Q. Write the closed-form forward shortcut and explain why it matters.
A.

x_t = sqrt(ᾱ_t) · x_0 + sqrt(1 − ᾱ_t) · ε, with α_t = 1 − β_t, ᾱ_t = product of α_1..α_t, ε ~ N(0, I). Without it, training at timestep t = 1000 would require simulating 1000 sequential steps per example. With it, training is O(1) per timestep.

Q. Write the reverse step and the DDPM noise-predictor reparameterization.
A.

Reverse step: p_θ(x_{t-1} | x_t) = N(μ_θ(x_t, t), Σ_θ), with Σ_θ fixed by schedule. μ_θ(x_t, t) = (1/sqrt(α_t)) · (x_t − (β_t/sqrt(1 − ᾱ_t)) · ε_θ(x_t, t)), where ε_θ is the trained noise-prediction network.

Q. Write the simplified DDPM training loss.
A.

L_simple = E_{t, x_0, ε}[||ε − ε_θ(x_t, t)||²], with t ~ Uniform{1..T}, x_0 ~ p_data, ε ~ N(0, I), x_t = sqrt(ᾱ_t)·x_0 + sqrt(1 − ᾱ_t)·ε. One MSE on noise prediction per step.

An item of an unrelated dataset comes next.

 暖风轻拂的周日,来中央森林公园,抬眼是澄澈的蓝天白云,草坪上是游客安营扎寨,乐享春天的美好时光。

Q. What's the equivalence between the DDPM loss and L11's score matching?
A.

The DDPM simplified loss IS the denoising-score-matching loss at noise level σ = sqrt(1 − ᾱ_t). The L11 score-based derivation (perturb data, predict negative scaled noise) and the L12 Markov-chain derivation (ELBO over latents, reparameterize, simplify) arrive at the same equation from two paths.

Q. Walk the DDPM training loop in 6 lines.
A.
repeat:
x_0 ~ p_data
t ~ Uniform({1..T})
ε ~ N(0, I)
x_t = sqrt(ᾱ_t)·x_0 + sqrt(1−ᾱ_t)·ε
loss = ||ε − ε_θ(x_t, t)||²
θ ← θ − η·∇_θ loss
Q. Walk the DDPM sampling loop and name the inference cost.
A.
x_T ~ N(0, I)
for t = T, T-1, ..., 1:
z = N(0, I) if t > 1 else 0
ε̂ = ε_θ(x_t, t)
x_{t-1} = (1/sqrt(α_t))·(x_t − (β_t/sqrt(1−ᾱ_t))·ε̂) + σ_t·z
return x_0

Inference cost: T forward passes per sample (T = 1000 in original DDPM; L13 covers DDIM speed-up to ~50).

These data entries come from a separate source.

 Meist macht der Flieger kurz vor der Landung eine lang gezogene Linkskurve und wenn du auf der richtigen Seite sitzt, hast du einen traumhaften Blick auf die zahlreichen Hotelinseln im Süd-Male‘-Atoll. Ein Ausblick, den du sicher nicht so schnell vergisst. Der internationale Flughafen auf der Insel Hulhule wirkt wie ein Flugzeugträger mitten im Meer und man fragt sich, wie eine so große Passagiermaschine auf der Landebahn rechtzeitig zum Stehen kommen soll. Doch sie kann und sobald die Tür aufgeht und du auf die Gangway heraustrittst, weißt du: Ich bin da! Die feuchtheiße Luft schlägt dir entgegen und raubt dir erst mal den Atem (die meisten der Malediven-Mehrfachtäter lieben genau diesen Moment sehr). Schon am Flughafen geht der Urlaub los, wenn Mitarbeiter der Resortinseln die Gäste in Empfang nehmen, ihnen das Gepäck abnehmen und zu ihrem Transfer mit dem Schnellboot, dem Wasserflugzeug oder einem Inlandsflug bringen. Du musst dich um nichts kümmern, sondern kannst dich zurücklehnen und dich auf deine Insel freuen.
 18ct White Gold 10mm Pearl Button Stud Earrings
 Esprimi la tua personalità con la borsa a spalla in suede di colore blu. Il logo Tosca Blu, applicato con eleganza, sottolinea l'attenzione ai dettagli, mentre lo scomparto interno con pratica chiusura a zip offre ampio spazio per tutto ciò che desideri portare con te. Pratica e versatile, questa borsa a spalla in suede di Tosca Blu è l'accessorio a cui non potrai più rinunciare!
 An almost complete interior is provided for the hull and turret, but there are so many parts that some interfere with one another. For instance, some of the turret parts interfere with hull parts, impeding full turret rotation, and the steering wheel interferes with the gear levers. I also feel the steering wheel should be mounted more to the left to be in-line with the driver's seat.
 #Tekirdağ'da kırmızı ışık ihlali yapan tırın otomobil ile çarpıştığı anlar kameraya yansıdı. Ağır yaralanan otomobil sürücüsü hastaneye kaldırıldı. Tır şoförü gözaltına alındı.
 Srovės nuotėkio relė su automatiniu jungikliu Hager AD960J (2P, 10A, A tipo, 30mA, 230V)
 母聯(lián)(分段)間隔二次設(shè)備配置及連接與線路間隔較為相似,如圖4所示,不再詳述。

Q. What is the signature trade-off of diffusion?
A.

Training is fast and clean (one MSE per step on one network, no adversarial game, no Jacobian). Sampling is slow at inference (T forward passes per sample, scales linearly with T). The slow side is the cost; the fast side is what made diffusion practical to train at scale.

Q. What's the network architecture for ε_θ in standard DDPM?
A.

A U-Net (encoder-decoder convolutional architecture with skip connections), inherited from the image-restoration literature. Takes (x_t, t) as input, outputs the predicted noise. Recent work also uses transformer architectures (DiT, Diffusion Transformers); the choice of architecture for ε_θ is independent of the diffusion framework.

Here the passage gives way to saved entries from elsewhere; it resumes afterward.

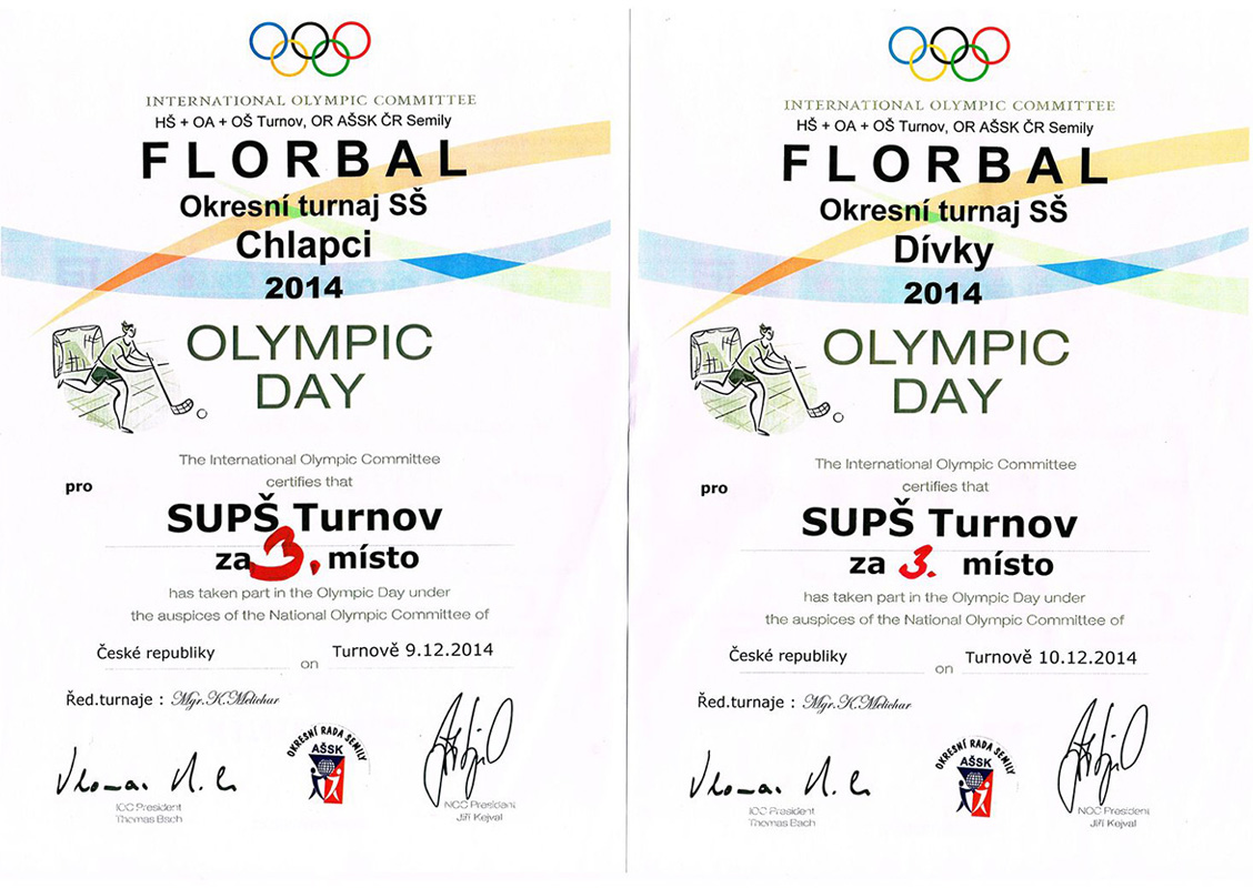 V obou případech se umístilo družstvo dívek i chlapců na 3. místě. Je nutné vyzdvihnout především výkony Jana Seidla, Ondřeje Novotného, Filipa Bartoně, Marka Berky, Kryštofa Uhrina a výborný výkon brankáře Adama Rady a především dívčího zástupce tohoto smíšeného týmu bývalé české reprezentantky Leony Müllerové, která byla i výraznou oporou družstva dívek. Zde je nutné ocenit nasazení celého kolektivu i s výkonem brankářky Moniky Fricové. Všem za výbornou reprezentaci školy děkujeme.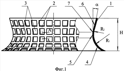 В ходе проведенного исследования работы диффузоров вентиляторных градирен была разработана такая конструкция ребер жесткости, которая позволила получить оптимальное соотношение между весом изделия и его жесткостью. Выполнение ребер пустотелыми и одновременно с трапецеидальным поперечным сечением позволило, с одной стороны, снизить вес изделия, а, с другой стороны, создать жесткую в поперечном направлении относительно ребра конструкцию. На это же направлено выполнение сочетания вертикальных и горизонтальных ребер жесткости с образованием между ребрами квадратных в поперечном сечении ячеек, что позволяет добиться практически одинаковой жесткости изделия как в поперечном, так и в продольном направлении. Вторая задача, которая решена в данном изделии, – добиться как можно более низкого аэродинамического сопротивления протекающему через диффузор потоку воздуха. Этого удалось добиться сочетанием сужающейся и расширяющейся по ходу потока частей диффузора, для чего диффузор имеет следующие параметры: радиус дуги окружности R1 конфузорной части обечайки составляет 0,6-0,8 от высоты обечайки, радиус дуги окружности R2 между цилиндрической и конической образующими поверхности обечайки составляет 0,7-0,9 от высоты обечайки, а угол наклона образующей конической поверхности обечайки к вертикальной оси обечайки составляет 10-20°, при этом конфузорно-диффузорная обечайка диффузора выполнена в виде тела вращения, образующая поверхности конфузорной (сужающейся по ходу потока) части обечайки образована дугой окружности, плавно сопряженной с образующей цилиндрической поверхности, а диффузорная (расширяющаяся по ходу потока) часть обечайки выполнена конической и образующая конической поверхности плавно сопряжена посредством дуги окружности с образующей цилиндрической поверхности.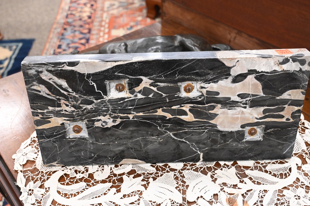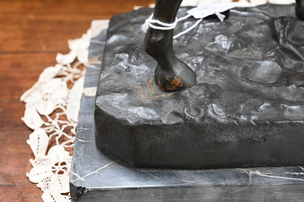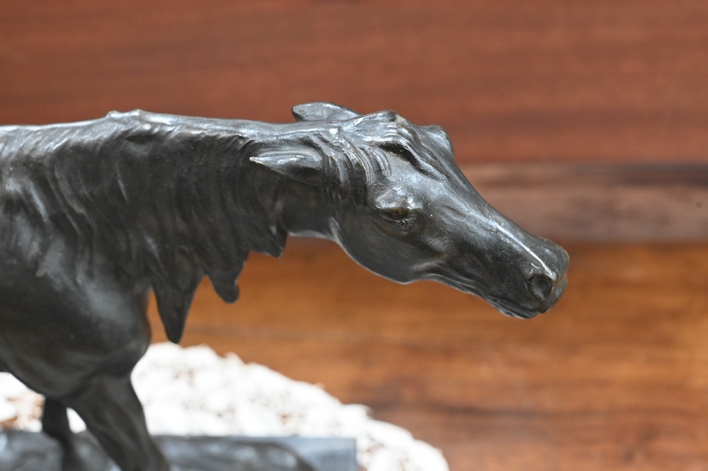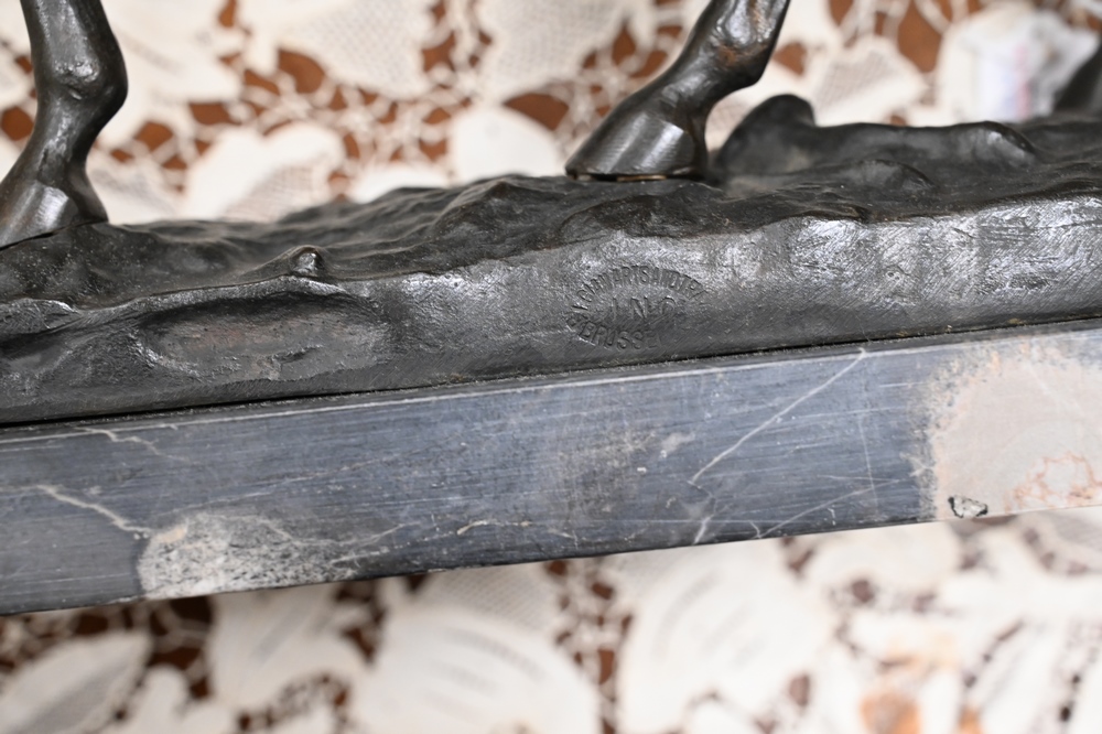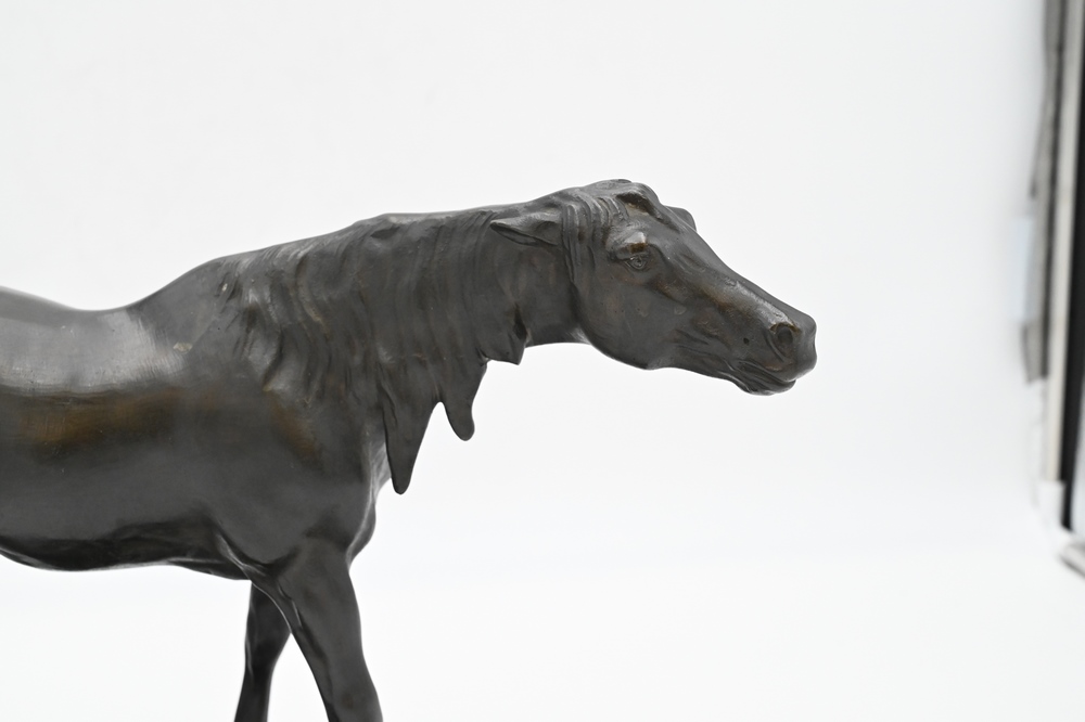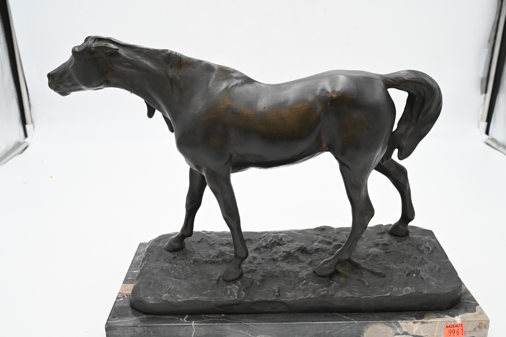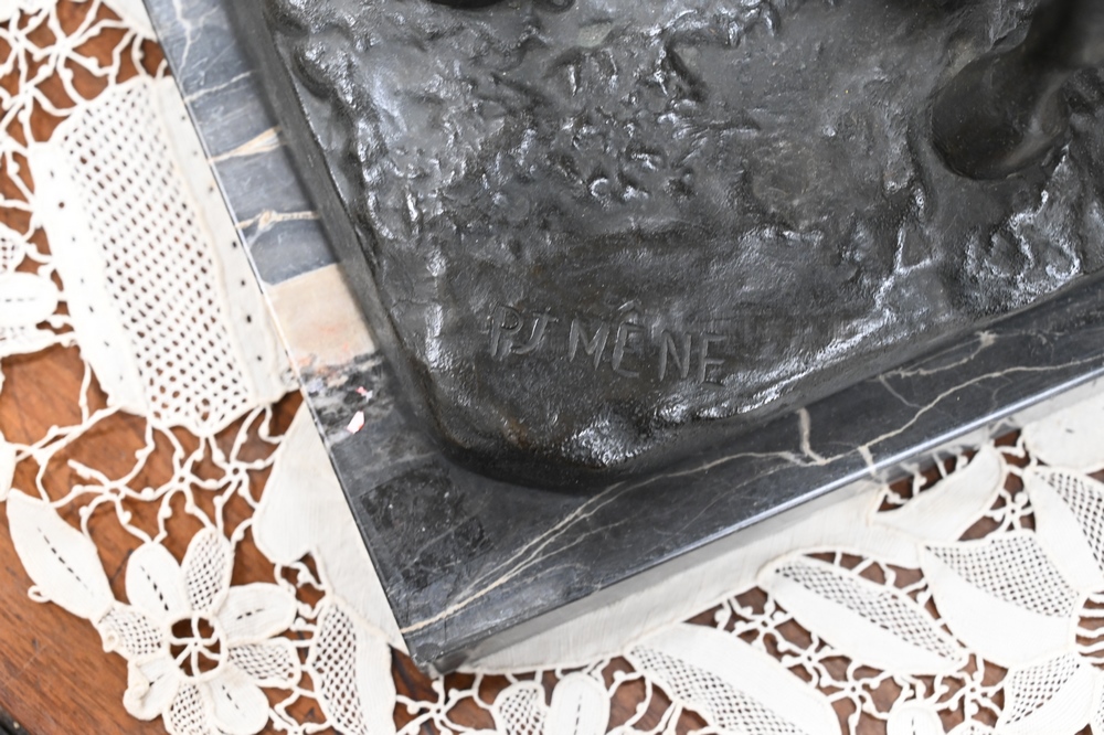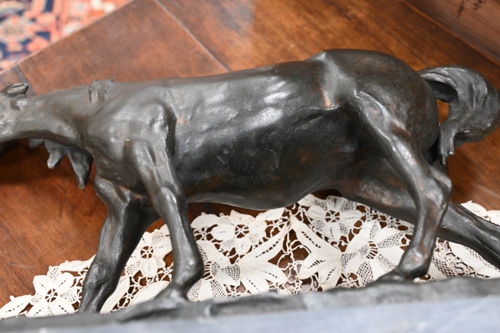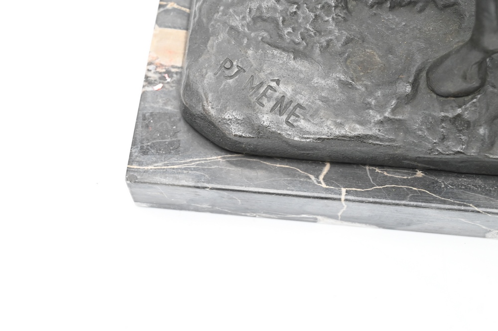 Lot 659: Pierre Jules PJ Mene (1810 – 1879), Arabian mare, bronze, left side signed PJ Mene, height 11 1/2 inches, length 18 1/2 inches.

Q. What are the 6 categories the §6 in-body checkpoint flags as outside this lesson's scope for diffusion?
A.

(1) Use-case appropriateness for synthetic faces/voices/video; (2) Provenance and watermarking; (3) Sector-specific deployment (journalism, politics, legal evidence, medical imaging, with medical NEW for diffusion); (4) Training-data IP and licensing; (5) Likeness and consent (more pronounced for diffusion than VAE/GAN); (6) Prompt-injection content risks (NEW for text-conditioned diffusion).